Suzuki Shuji, Kamihata Hiroshi, Hata Tetsuya, Hayashi Fujio, Miura Akira, Yoshinaga Masahiro, Karakawa Masahiro, Kitaura Yasushi
Third Division, Department of Internal Medicine, Osaka Medical College, Takatsuki, and Department of Cardiology, Kyoto Kujo Hospital, Japan.
Circ J. 2007 Jan;71(1):15-9. doi: 10.1253/circj.71.15.
The sirolimus-eluting stent (SES) is currently the sole drug-coated stent approved for use in Japan, but there are few reports on its safety and outcomes in Japan.
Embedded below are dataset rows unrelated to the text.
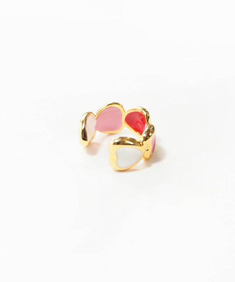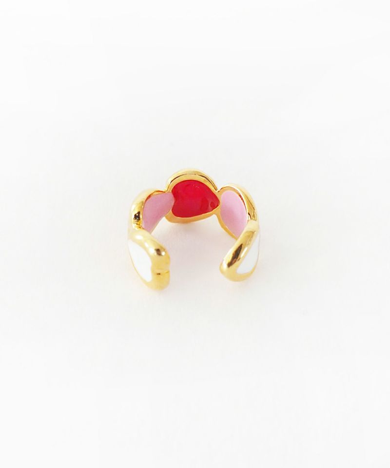 耳元で踊るハートの連なりが可愛いイヤーカフ。 合わせるだけで顔周りを印象的に見せてくれます。
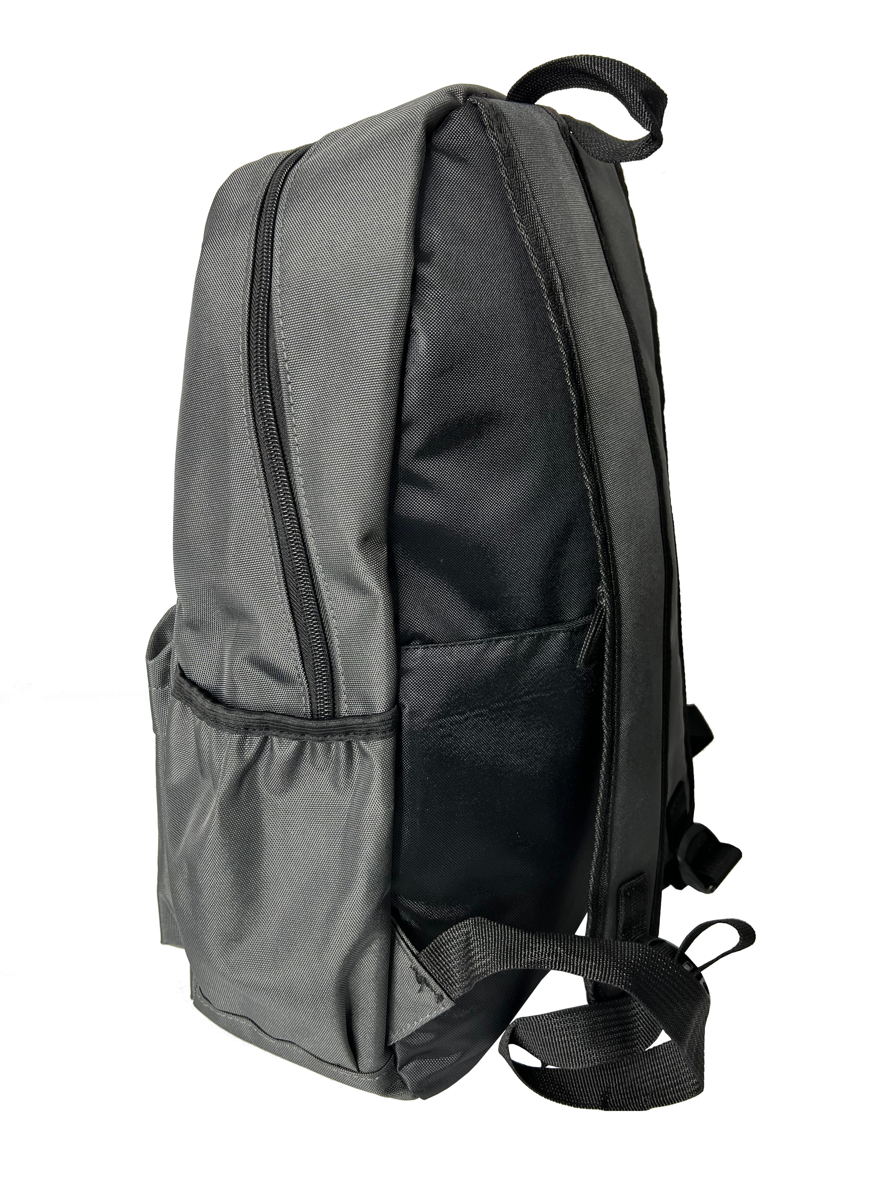 Крепкий рюкзак из плотного материала с мягкими шлейками и спинкой. Имеет 5 карманов. Высота по спине 43см, ширина по спине 30см, ширина дна 13см.
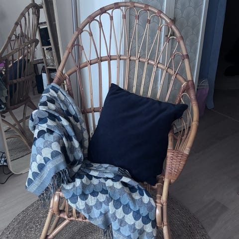 Siisti ja hyväkuntoinen design tuote. Yksi rima katki, jää pehmusteen alle rikä vaikuta kestävyyteen. Punokset pitäisi olla kaikki ehjiä ja lakkapinta hyvä.
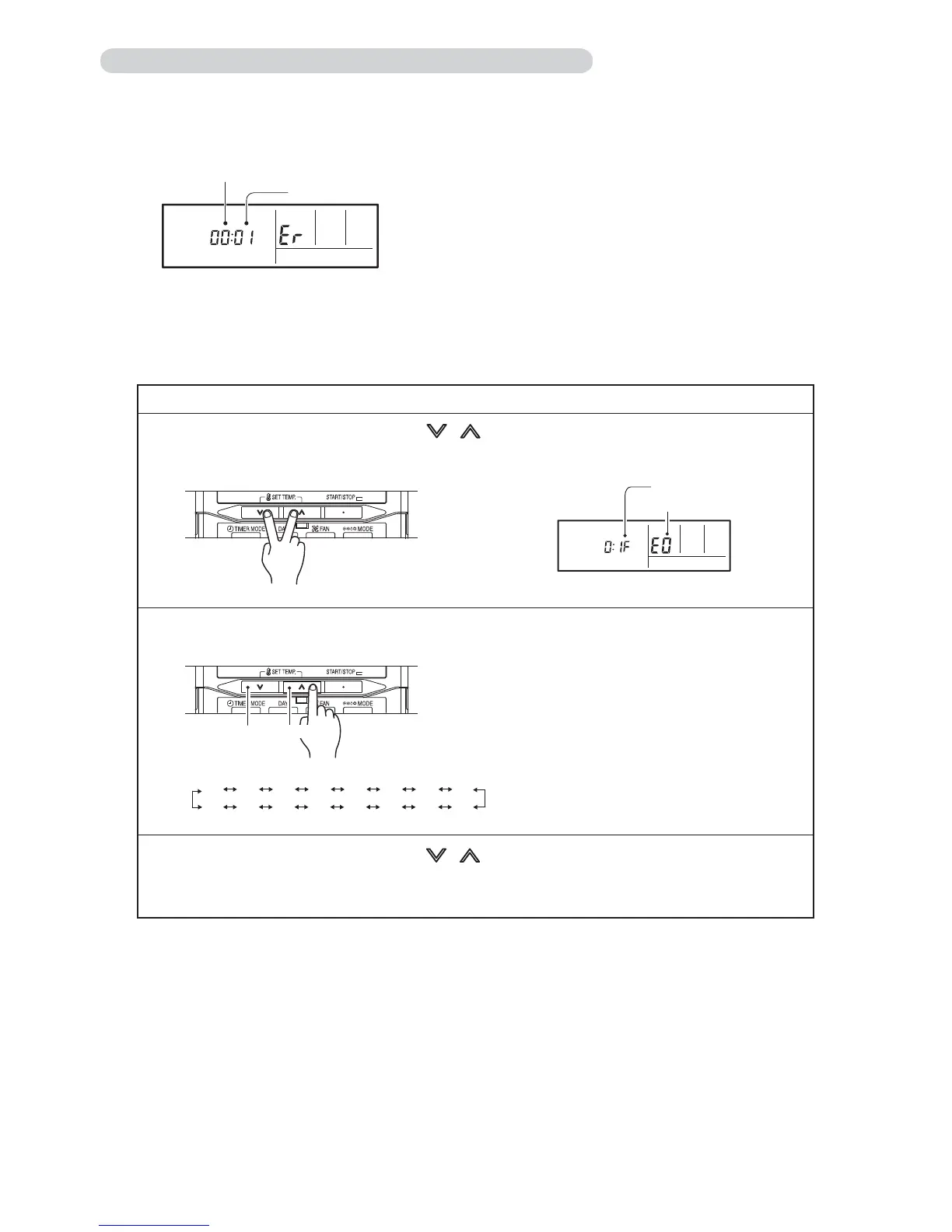 Up to 16 memorized error codes may be displayed for the indoor unit connected to the remote controller.

From May 2004 to February 2005, a total of 297 patients with 402 lesions were treated with SES at 6 hospitals in the Kansai district. Follow-up angiography was performed in 82% of the patients and 80% of the lesions at 182+/-35 days after stenting. Coronary stenosis was evaluated using quantitative coronary angiography. Clinical and angiographic data were analyzed. Minimum lesion diameter was 0.75+/-0.52 mm and the reference diameter was 2.81+/-0.47 mm before stenting. The SES successfully dilated 99.5% of the lesions with few major adverse cardiac events. Restenosis occurred in 4.0% and the target lesion revascularization rate was 3.7%. Restenosis correlated with chronic hemodialysis, calcification, occlusion, ostial lesions, lesions kinked>45 degrees, right coronary artery (RCA) lesions and lesions at the ostium of the RCA.
SES demonstrated a high rate of successful implantation with few complications, and mid-term outcomes were excellent. Patients with lesions at the ostium of the RCA or under chronic hemodialysis developed restenosis.
西罗莫司洗脱支架(SES)是目前在日本唯一被批准使用的药物涂层支架,但在日本关于其安全性和疗效的报道较少。
2004年5月至2005年2月,关西地区6家医院共对297例患者的402处病变进行了SES治疗。在支架置入后182±35天,82%的患者和80%的病变接受了随访血管造影。采用定量冠状动脉造影评估冠状动脉狭窄情况。对临床和血管造影数据进行分析。支架置入前最小病变直径为0.75±0.52mm,参考直径为2.81±0.47mm。SES成功扩张了99.5%的病变,主要不良心脏事件较少。再狭窄发生率为4.0%,靶病变血管重建率为3.7%。再狭窄与慢性血液透析、钙化、闭塞、开口病变、病变扭曲>45度、右冠状动脉(RCA)病变以及RCA开口处病变相关。
SES显示出高成功率的植入率且并发症较少,中期疗效良好。RCA开口处病变或接受慢性血液透析的患者发生了再狭窄。